**EXERCISE DETAILS**
Each line in the material below must be transcribed exactly; no picture belongs in the copy.

**INFORMATION PROVIDED**
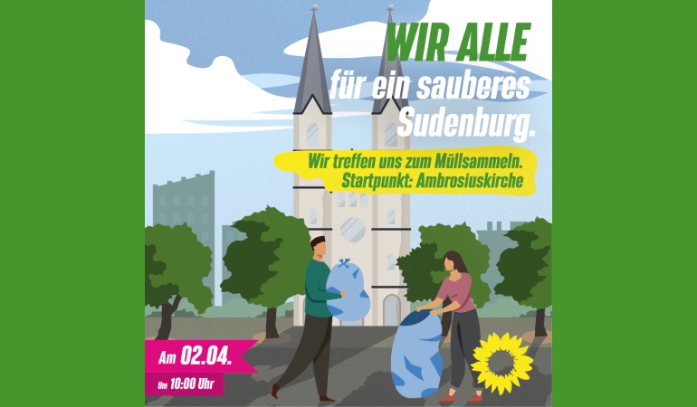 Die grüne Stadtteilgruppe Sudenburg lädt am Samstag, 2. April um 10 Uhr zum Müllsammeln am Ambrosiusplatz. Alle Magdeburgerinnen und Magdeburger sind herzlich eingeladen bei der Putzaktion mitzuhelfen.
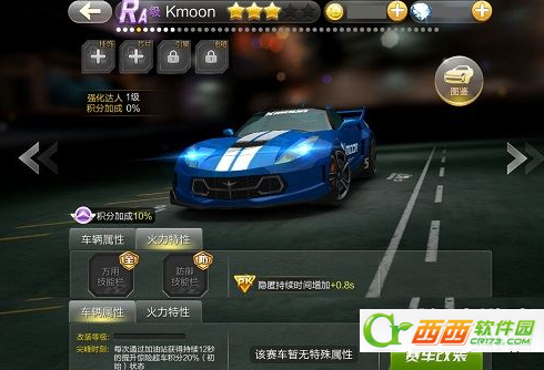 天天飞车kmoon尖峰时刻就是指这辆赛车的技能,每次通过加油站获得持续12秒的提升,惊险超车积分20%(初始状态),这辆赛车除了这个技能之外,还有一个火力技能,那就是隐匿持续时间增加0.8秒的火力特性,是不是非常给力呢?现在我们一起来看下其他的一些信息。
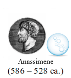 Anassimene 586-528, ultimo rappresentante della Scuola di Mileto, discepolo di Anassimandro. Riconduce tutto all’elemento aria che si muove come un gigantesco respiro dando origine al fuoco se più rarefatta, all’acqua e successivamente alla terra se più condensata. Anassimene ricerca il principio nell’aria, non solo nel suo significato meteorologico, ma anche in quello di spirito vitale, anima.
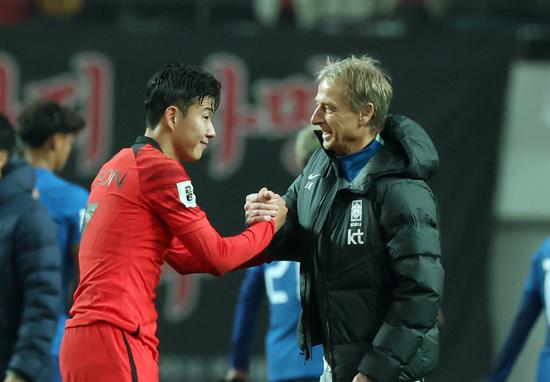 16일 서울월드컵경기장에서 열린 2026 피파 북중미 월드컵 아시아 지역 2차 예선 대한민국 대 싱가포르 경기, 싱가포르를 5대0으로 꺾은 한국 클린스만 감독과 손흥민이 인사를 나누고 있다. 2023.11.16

**ANSWER TO THIS EXERCISE**
 Die grüne Stadtteilgruppe Sudenburg lädt am Samstag, 2. April um 10 Uhr zum Müllsammeln am Ambrosiusplatz. Alle Magdeburgerinnen und Magdeburger sind herzlich eingeladen bei der Putzaktion mitzuhelfen.
 天天飞车kmoon尖峰时刻就是指这辆赛车的技能,每次通过加油站获得持续12秒的提升,惊险超车积分20%(初始状态),这辆赛车除了这个技能之外,还有一个火力技能,那就是隐匿持续时间增加0.8秒的火力特性,是不是非常给力呢?现在我们一起来看下其他的一些信息。
 Anassimene 586-528, ultimo rappresentante della Scuola di Mileto, discepolo di Anassimandro. Riconduce tutto all’elemento aria che si muove come un gigantesco respiro dando origine al fuoco se più rarefatta, all’acqua e successivamente alla terra se più condensata. Anassimene ricerca il principio nell’aria, non solo nel suo significato meteorologico, ma anche in quello di spirito vitale, anima.
 16일 서울월드컵경기장에서 열린 2026 피파 북중미 월드컵 아시아 지역 2차 예선 대한민국 대 싱가포르 경기, 싱가포르를 5대0으로 꺾은 한국 클린스만 감독과 손흥민이 인사를 나누고 있다. 2023.11.16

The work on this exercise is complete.